Selbst die älteren Stammhörer*innen der Sinfoniekonzerte der Augsburger Philharmoniker dürften die Existenz der Orgel am Kongress am Park kaum mehr wahrgenommen haben. Seit über 20 Jahren war sie zum Stillschweigen verdammt. Das tonnenschwere Instrument aus dem traditionsreichen Oettinger Orgelbauer-Haus G.F. Steinmeyer (das 2001 seinen Betrieb einstellte) wurde 1972 erbaut. Es gilt als integraler Bestandteil des unter Denkmalschutz stehenden Kongress am Park und verfügt über 65 Register und 4.485 Pfeifen. Wegen ihrer rein mechanischen Traktur galt sie bei Fertigstellung als Unikat und Besonderheit, nachdem alle bisherigen Konzertorgeln pneumatisch oder elektrisch funktionierten. Während der Generalsanierung des Kongresses von 2009 bis 2012 blieb die anstehende Sanierung der Königin der Instrumente außen vor. Kein Wunder angesichts der geschätzten Gesamtkosten von rund 360.000 Euro. Dennoch ein unhaltbarer Zustand. Nicht nur, aber insbesondere in den Augen der Mitglieder der Philharmonischen Gesellschaft Augsburg e.V., die sich unter dem Label »Projekt Zarathustra« – benannt nach dem großen Orchesterwerk von Richard Strauss, in dem die Orgel einen entscheidenden Part spielt – seit rund acht Jahren allerhand einfallen ließen, um die Restaurierung der Orgel in Gang zu setzen.

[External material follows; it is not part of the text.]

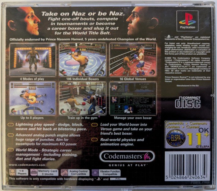 Prince Naseem Boxing is a boxing title developed and published by Codemasters, released for the PlayStation and featuring the UK’s then-prominent world champion Prince Naseem Hamed. This UK-only original release, dated 11 March 2000, is presented in a standard Full Jewel PAL case with a Hologram A on the case. The disc count is one, and the game supports five languages: English, French, German, Italian, and Spanish.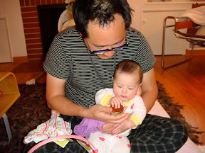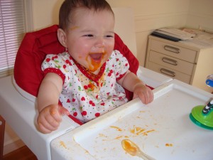 *She feeds herself (sometimes). Our girl definitely prefers the finger foods over purees, so we have been experimenting with baby- led weaning which, in a nutshell, encourages a baby to feed themselves small bits of solid food themselves. We cut up pieces of banana or potato, quarter up grapes, give chunks of avocado and let her snack on her favorite – Cheerios. As she develops (and we get braver), we work up to things like cooked pasta, small bites of soft cooked vegetables and more. She still loves her sweet potatoes and carrots in a jar, but she is really digging on things off our plates. We’re excited about building up a diverse and healthy palate for her!

Stolz und glücklich zeigte sich Cellist Jakob Janeschitz-Kriegl als erster Vorsitzender der Philharmonischen Gesellschaft und benannte die wirklich beachtliche Summe von rund 160.000 Euro, die über die Aktionen zugunsten der Orgel generiert wurde: Zu je einem Drittel basierend auf Privatspendern, den Patenschaften für Orgelpfeifen und den Erlösen aus zahlreichen Benefizkonzerten, die unterschiedliche Ensembles und Solist*innen der regionalen Musikszene veranstaltet hatten. Ebenfalls aus den Reihen der Mitglieder des Philharmonischen Orchesters kommt die Idee, die Steinmeyer-Orgel zukünftig auch ins Zentrum eines theaterpädagogisch ausgerichteten Projekts zu stellen. »Warum nicht einmal die Bereiche Technik, Physik und Musik zusammenführen und so die Mechanik und Funktionsweise der Orgel mit der entsprechenden Musikliteratur verbinden«, beschreibt Janeschitz-Kriegl den Plan.

Vermutlich im September 2021 werden wieder alle Register gezogen: Stand heute soll die »Premiere« der Steinmeyer-Orgel im Rahmen der Sinfoniekonzerte der Augsburger Philharmoniker stattfinden und danach in wiederhergestellter Klangpracht das Musikleben der Stadt bereichern.